Exhibitors Making a Comeback – It’s Never Too Late
Making a comeback can be challenging, especially if it’s been years since you’ve entered the ring, right shoulder to the rail. Most equestrians, no matter their age, can recall a defining moment in the show pen – hearing your name called out winning a class, getting that pattern right, killing that flying lead change.
Those are moments we held onto, but they might have happened 10, 20, or even 30 years ago. Many exhibitors are heading back to the ring after various setbacks or other obligations such as college, job, finances, family, and are facing new challenges.
Select Amateur Kent Ray Taylor of Scottsdale, Arizona, is no stranger to the horse show world. He showed for years as a youth before needing to take a break to attend college and then work. Kent Ray finally made his way back in the ring three years ago after being gone for 30.
Taylor told us, “I am very proud to be the first male to win the all-round at the Congress, World Show, and in the Nation, both as a youth and then again as the first male amateur to win all three again.”
Jake Atwell was a trainer for 30 years with multiple wins at the Congress and World Shows before retiring in 2000. He just recently returned to the industry as an amateur exhibitor. “The journey of starting over was hard. I love the horses, though. That’s what brought me back,” Jack shared.
Katherine Stone of Tampa, Florida, also showed for years as a youth, with her last being a win in a 1997 NSBA Hunter Under Saddle Futurity. She then put her passion aside to attend law school, got married, had a child, went through a divorce, and started her law firm.
Heading back to the AQHA/NSBA circuits can be intimidating, but Taylor, Atwell, and Stone are proof that comebacks are happening all around us. We spoke to these amazing exhibitors who shared some tips and advice to help you make a comeback of your own.
Time is a gift. Life is busy. The older we get, the more we realize it. Be patient with yourself as you find a schedule that works for you. Being organized is necessary to reach your goals. “Take your time to really analyze what you want to do and map out the course you want to take,” Kent Ray said.
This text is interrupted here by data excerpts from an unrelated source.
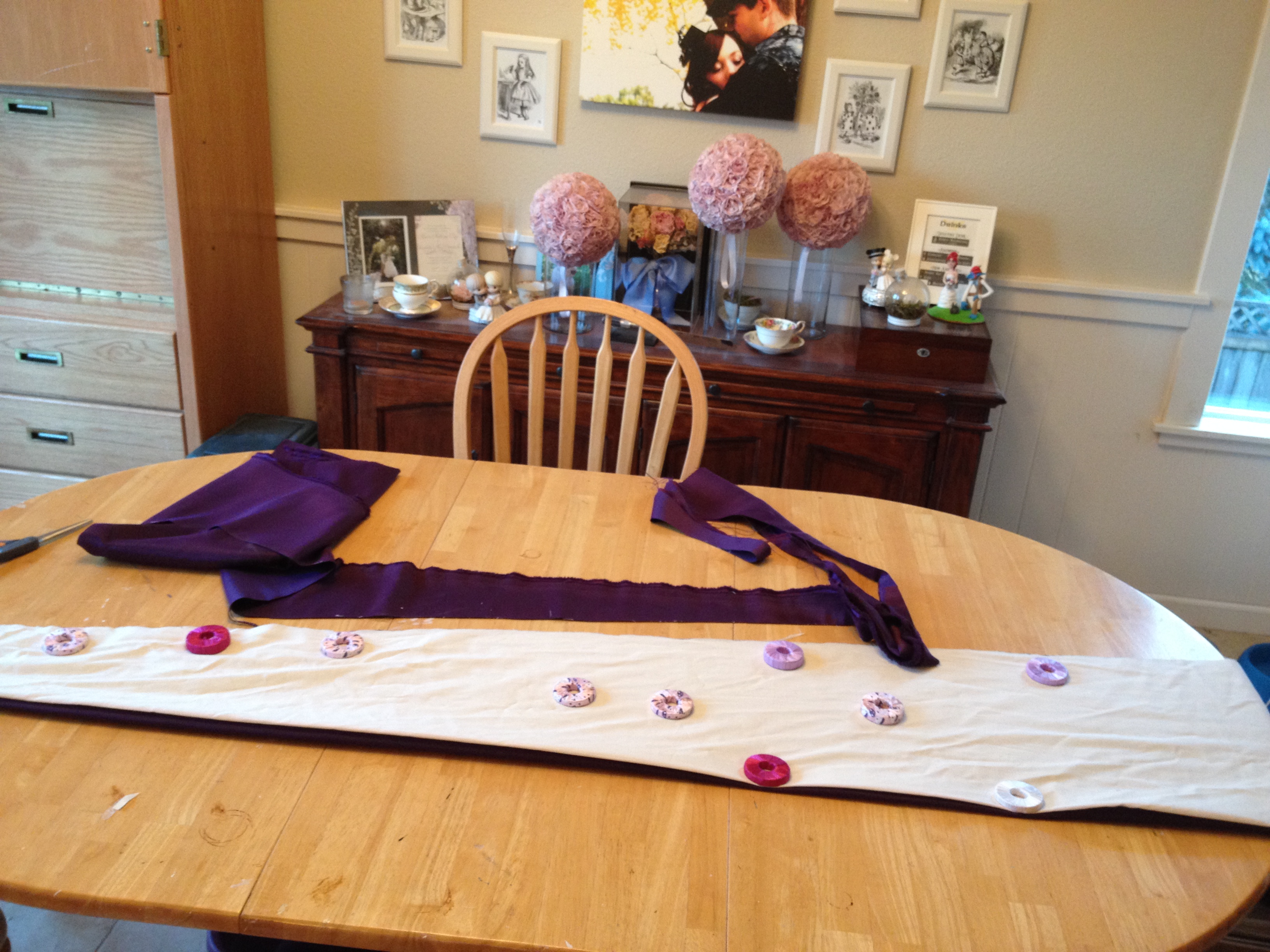 I’m sorry that I don’t have photos of this process, but I’ll try and explain it out. I just pulled the fabric off of the fans and ironed it out for a template to cut out the fabric I ordered. I then spread out the sticks of the fan and spray painted the entire fan purple on both sides, and once that was dry I spread the fan out to sit the way it would when it is opened, with all of the sticks spread evenly. I then lay my cut out fabric over top it, and carefully glued the fabric to each stick, using a long-drying glue that didn’t seep through the fabric and putting some weight on top of the fan so that they would adhere. Once dry, I attached the tassels to the bottom ring, and it was done!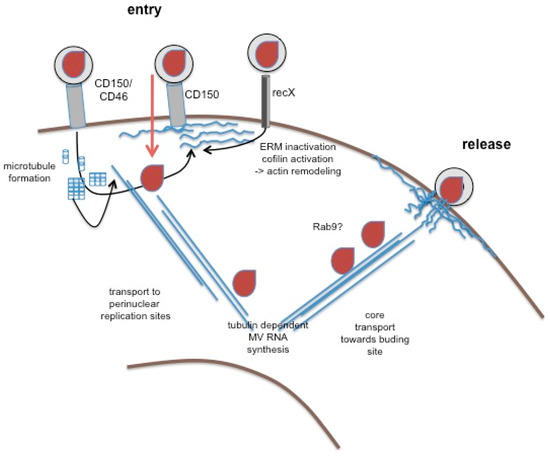 While at least some of the MV receptor interactions outlined above were clearly linked to modulation of cytoskeletal dynamics (which will be detailed below), little is generally known on the role of the cytoskeleton in MV uptake. The role of cytoskeletal dynamics in MV entry has not yet been analyzed. It is, thus, unknown whether MV attachment and entry involves actin-dependent translocation of trapping molecules along filopodial structures as revealed for HIV, or if clustering of entry receptors (especially CD150, see below) might be required. The impact of actin depolymerizing compounds on viral entry has not been studied as yet. MV gp signaling causes moesin and cofilin dephosphorylation on binding to T lymphocytes [22], which promotes actin remodeling, and this has been suggested to enhance microtubule formation. This has been implicated to facilitate transport of lentiviral cores pseudotyped with MV gps towards the nucleus, and may also be important in trafficking of MV cores [23] (Figure 2). Whether this also refers to the intracellular transport of MV cores (which would then specifically apply to hematopoietic cells) has not been resolved.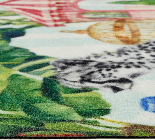 Washable Studio Tropical Rug Non Slip Mat for Kitchen Hallway Hall Home Entrance Multi Coloured Lux Leopard Rug in 65x150 cm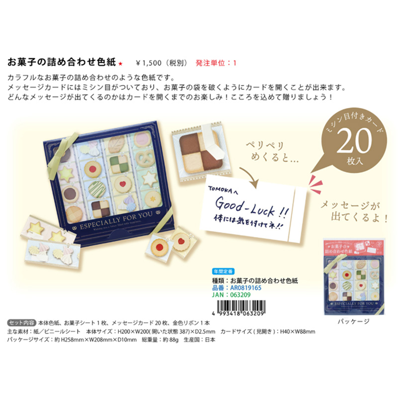 セット内容:本体色紙、お菓子シート1枚、メッセージカード20枚、金色リボン1本

Atwell shared that it has been a reality check for him. “I didn’t understand how hard it is to carry on a life, a job, and show a horse. I need to give amateurs a lot of respect for now coming back as an exhibitor,” Atwell said. “Depending on what level you want to ride at, you may not get to ride very often, so it’s a big challenge.” Be patient but intentional with your time to get the most out of it. Make a plan.
Things Have Changed
While a lot has remained the same, a lot has also changed. Between training methods, show rules, and attire, you could feel circa 1990. “Training methods have definitely changed,” Atwell shared. He recommends being hands-on as much as possible.
Stone agreed, the show ring has definitely changed. “It used to be a mortal sin to pass, but apparently now it’s more acceptable if it makes your horse present better,” she shared.
So be ready to roll with the punches and re-learn show etiquette. “Go to shows and watch the classes, the trainers, and do your research,” Kent Ray said.
Also, be aware of different training techniques and always go with your gut. Atwell advised, “If it doesn’t feel right, don’t do it.” One thing that most likely won’t change is your nerves. As Stone shared, “The nerves have not quite calmed down.”
Hire a Trainer
We know that time is of the essence at this stage in life, but as Stone put it, “Hiring trainers was the best thing I did and making sure the trainers understand my goals. Working full time does not allow me to get my horses prepared for showing.”
Look around and decide what events you want to get back into or if you want to learn something new. Then, find a trainer. “It is more important to find the right trainer – not necessarily the close one. Watch and research trainers to find the right fit for you,” Taylor said.
Find the right training program, coaching style, do your research on events they have been successful in, and be clear with your goals. Atwell added, “Look at credibility, check on your horse, and talk to people. Business ethics and professionalism is a must.”
Taylor, Atwell, and Stone all agreed, when making a comeback, be patient, find the right horse, find the right trainer and be clear about your goals.
Body. Mind. Pocketbook.
Mentally, physically and financially…be ready for it. As Katherine said, “I was very out of shape, both mentally and physically, so now wins mean a lot more to me. Also, it’s now my own money being spent to get that win.”
Physical exercise is a must. Mental clarity is needed. Taylor said, “Muscle memory needs to come back – you are using different muscles. You have to ride and practice.” He went on to add, “It’s not how good you show, but how precise.”
A full understanding of the financial undertaking is also needed for a successful comeback. “It is a huge financial undertaking to show these days at a high level,” Atwell, who is a chef by trade, added. “Make sure to check costs and make a plan that fits your budget.”
At the end of the day, you need to define why you are doing this. “That first win when you come back is thrilling,” Kent Ray said.
To stay motivated and focused, you have to keep your priorities in order, manage your time, have a plan, and find the right trainers to help you get there. Success is a team sport. Most importantly, “Remember to have fun. If you’re not having fun, revisit your goals,” Atwell said.